# Picking the ball clean off wet fairways



## Wolfman (Feb 16, 2013)

Any tips to hit irons clean off wet fairways

Should i move my ball forward slightly ?

Played today and the wet fairways were killing my distance but my colleague was picking them off the fairway clean


----------



## fundy (Feb 16, 2013)

Personally dont think you should be trying to pick them clean, just make sure you hit the little ball before you hit the big ball, if anything move the ball back an inch in your stance, moving it forward will make you more likely to hit ground before ball


----------



## Lump (Feb 16, 2013)

Wolfman said:



			Any tips to hit irons clean off wet fairways

Should i move my ball forward slightly ?

Played today and the wet fairways were killing my distance but my colleague was picking them off the fairway clean
		
Click to expand...

The simple answer... hit the ball first.


----------



## Foxholer (Feb 16, 2013)

Would suggest you don't try to dramatically alter your ball-striking simply to suit unusual conditions. Just take an extra club!

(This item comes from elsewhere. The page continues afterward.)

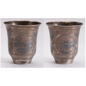 Silver-gilt and niello, decorations in coffered structures and floral pattern, height 5 cm, weight 35 g, Moscow 1873, standard guarantee 84, incomplete silversmith mark. Good condition.

Pickers possibly have benefit from such conditions in the same way short hitters are likely to benefit from forward tees. 

Roll on Spring and hosepipe bans!


----------



## USER1999 (Feb 16, 2013)

Just hit it normally, ball then turf, or you'll end up flicking at it. Not good.


----------



## Crow (Feb 16, 2013)

Or purchase some lofted fairway woods, my 9 wood is great from the clag!


----------



## MadAdey (Feb 16, 2013)

Not sure why people try to pick it clean from the fairway. I just hit it like in summer and strike the ball then turf, if you are doing that then you will not have any problems. If like me you are someone who normally takes a fair sized divot then to stop doing it you are going to have to change your swing and I do not see the point in that.

The thing that I do notice in people in this weather is how the soggy ground shows a failing in their swing and they are catching the ball turf just before the ball, which in summer is fine as the club is not going to dig in.


----------



## One Planer (Feb 17, 2013)

If its that wet it founds like the course should be closed


----------



## HomerJSimpson (Feb 17, 2013)

Compress down like normal. Hit off a sodden practice field this weekend and when I put a proper swing on it it flew like normal


----------



## JustOne (Feb 17, 2013)

Just stand a bit taller or grip down 1/2 an inch to allow for your feet sinking in the squidge 

Don't change your swing.


----------



## SocketRocket (Feb 17, 2013)

MadAdey said:



			Not sure why people try to pick it clean from the fairway. I just hit it like in summer and strike the ball then turf, if you are doing that then you will not have any problems. If like me you are someone who normally takes a fair sized divot then to stop doing it you are going to have to change your swing and I do not see the point in that.

The thing that I do notice in people in this weather is how the soggy ground shows a failing in their swing and they are catching the ball turf just before the ball, which in summer is fine as the club is not going to dig in.
		
Click to expand...

Good post Adey. :thup:


----------